Expanding the precision timing frontier for particle tracking at hadron colliders

Lead Research Organisation: University of Oxford
Department Name: Oxford Physics

Abstract

The large increase in the number of overlapping proton-proton interactions (pileup) is one of the leading experimental challenges for the HL-LHC physics program. A novel and powerful approach to mitigating the effects of the pileup is to use high-precision timing information to distinguish between collisions occurring very close in space but well-separated in time. The development of novel detectors achieving both superb position resolution and a few tens of picoseconds timing is critical for operation in such environment. Low-gain avalanche diode sensors (LGADs) have shown suitable time response, but edge structures necessary to shape the internal electric field prevent the formation of small pixels.

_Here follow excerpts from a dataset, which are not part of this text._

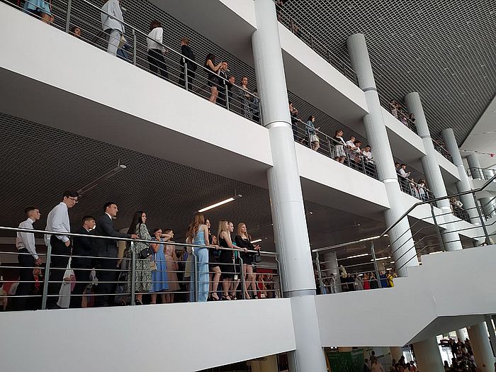 Пофотографировавшись и зарядившись энергией музыки, выпускники прошли в зал, где должна была состояться официальная часть мероприятия.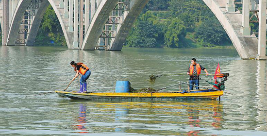 河长制实施后,武胜县组建成立了专业水上保洁队,分江段对嘉陵江城区水域进行全天候保洁,保护水环境。周昌林 摄(视觉四川)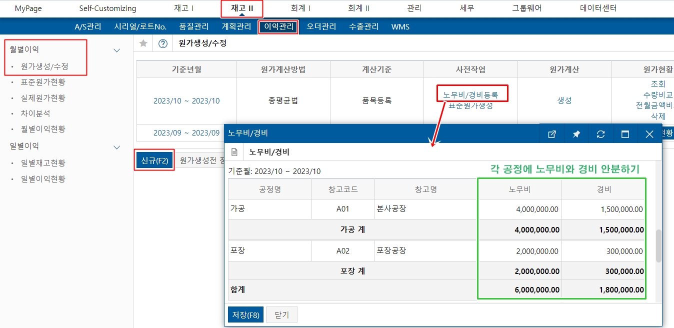 A2. '재고 - 이익관리 - 월별이익 - 원가생성/수정'에서 신규 버튼을 눌러 기간을 설정한 후에 원가 생성을 시작하면 사전작업에서 노무비/경비 등록이 가능한데요. 이 때, 회사에서 정해둔 각 공정에 대한 노무비/경비의 값을 입력해 줍니다. 여기에서 입력한 값은 아래에서 설명드릴 가중치와 계산이 연결됩니다. 결론은 회사가 정한 비율로 안분해 주어야 합니다.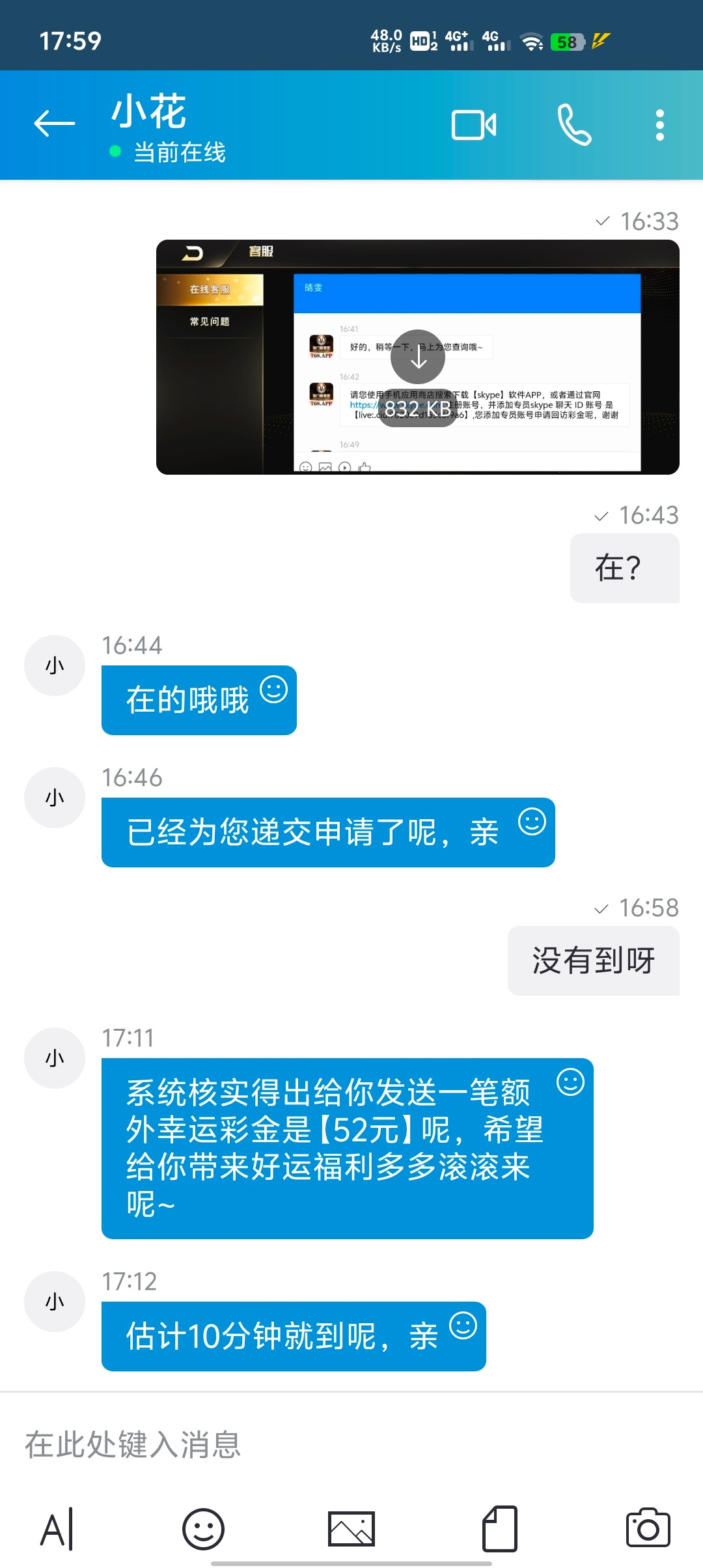 有充值过的去找在线客服说申请电话回访彩金,他会让你下载那个软件加专员申请,我没接过电话,送了52出了100 地址 768.app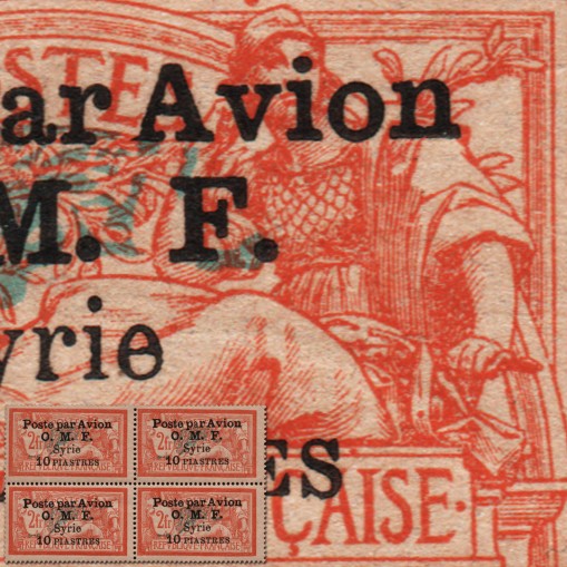 Znaczek w czwórce wydany pierwotnie we Francji, tym razem z nadrukiem „Poste par Avion O.M.F. Syrie” i przedrukiem nominału. Znaczek ten wydano w Serii rok wcześniej jako znaczek obiegowy, potem zaś dodrukowano „Poste par Avion” (poczta lotnicza).

Furthermore, LGADs not yet radiation hard to operate in the innermost layers of the ATLAS ITk pixel detector or to be included in the upgrades for the LHCb experiment. Other options under development to reach Ultra-Fast Timing are 3-D sensors where the electrodes penetrate the bulk, and novel monolithic sensors.

Improved instrumentation providing the necessary timing capability is needed to advance the development of these novel sensors for the upgrades of LHC experiments and experiments at future colliders. These new devices will bring revolutionary opportunities across all STFC's science areas and facilities, from Particle to Nuclear physics and Photon science.

This grant will allow procuring a 12-GHz signal generator and fast oscilloscope (7.8 ps per sample) which will enable to properly characterise ultra-fast silicon detectors (LGADs and 3D sensors) by enabling the operation of the sensors closer to realistic operating conditions as well as precise measurements of their (ultra-fast) response signals.